Task requirements: For the data below, transcribe the part that opens with the line containing "Säljer en helkroppsspegel" and closes with the line containing "Chanel hollow rhinestone", exactly and with no pictures.

--- Information provided Enclosed Below ---

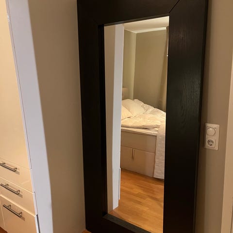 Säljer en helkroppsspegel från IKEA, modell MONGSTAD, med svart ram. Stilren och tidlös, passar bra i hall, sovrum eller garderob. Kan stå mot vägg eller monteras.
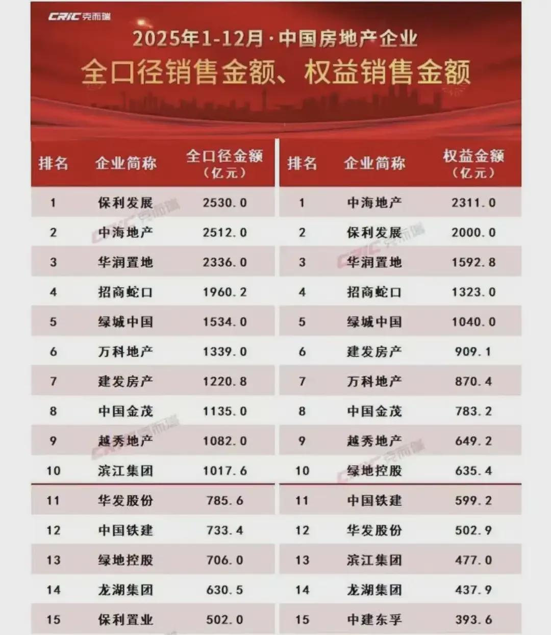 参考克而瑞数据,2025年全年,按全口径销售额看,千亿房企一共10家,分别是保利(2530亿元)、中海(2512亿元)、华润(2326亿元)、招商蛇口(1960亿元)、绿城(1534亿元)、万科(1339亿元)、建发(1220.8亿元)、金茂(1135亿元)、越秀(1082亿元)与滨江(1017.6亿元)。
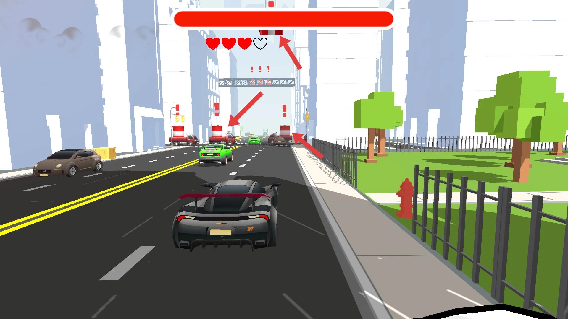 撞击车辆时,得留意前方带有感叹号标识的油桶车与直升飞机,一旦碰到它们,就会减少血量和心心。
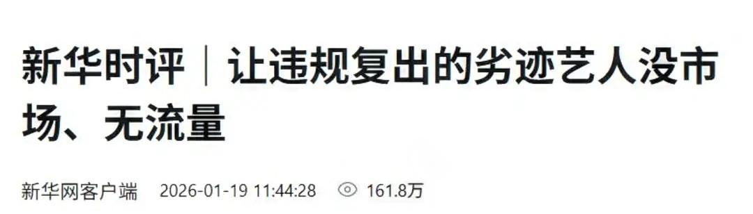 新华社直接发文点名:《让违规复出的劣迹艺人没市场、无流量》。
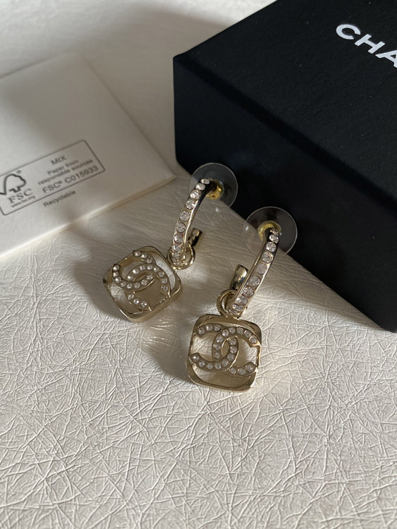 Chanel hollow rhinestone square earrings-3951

--- End of Enclosed Information provided ---
--- Information provided Enclosed Below ---

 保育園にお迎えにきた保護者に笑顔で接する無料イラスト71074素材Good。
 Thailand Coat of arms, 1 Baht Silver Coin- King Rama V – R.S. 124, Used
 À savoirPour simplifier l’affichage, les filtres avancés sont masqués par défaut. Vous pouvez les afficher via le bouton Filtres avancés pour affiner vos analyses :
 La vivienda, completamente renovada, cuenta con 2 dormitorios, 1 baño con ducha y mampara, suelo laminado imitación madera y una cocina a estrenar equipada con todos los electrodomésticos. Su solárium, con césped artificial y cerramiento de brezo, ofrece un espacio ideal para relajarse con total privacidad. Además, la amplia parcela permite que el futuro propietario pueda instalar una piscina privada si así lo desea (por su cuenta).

--- End of Enclosed Information provided ---

Written response:
 Säljer en helkroppsspegel från IKEA, modell MONGSTAD, med svart ram. Stilren och tidlös, passar bra i hall, sovrum eller garderob. Kan stå mot vägg eller monteras.
 参考克而瑞数据,2025年全年,按全口径销售额看,千亿房企一共10家,分别是保利(2530亿元)、中海(2512亿元)、华润(2326亿元)、招商蛇口(1960亿元)、绿城(1534亿元)、万科(1339亿元)、建发(1220.8亿元)、金茂(1135亿元)、越秀(1082亿元)与滨江(1017.6亿元)。
 撞击车辆时,得留意前方带有感叹号标识的油桶车与直升飞机,一旦碰到它们,就会减少血量和心心。
 新华社直接发文点名:《让违规复出的劣迹艺人没市场、无流量》。
 Chanel hollow rhinestone square earrings-3951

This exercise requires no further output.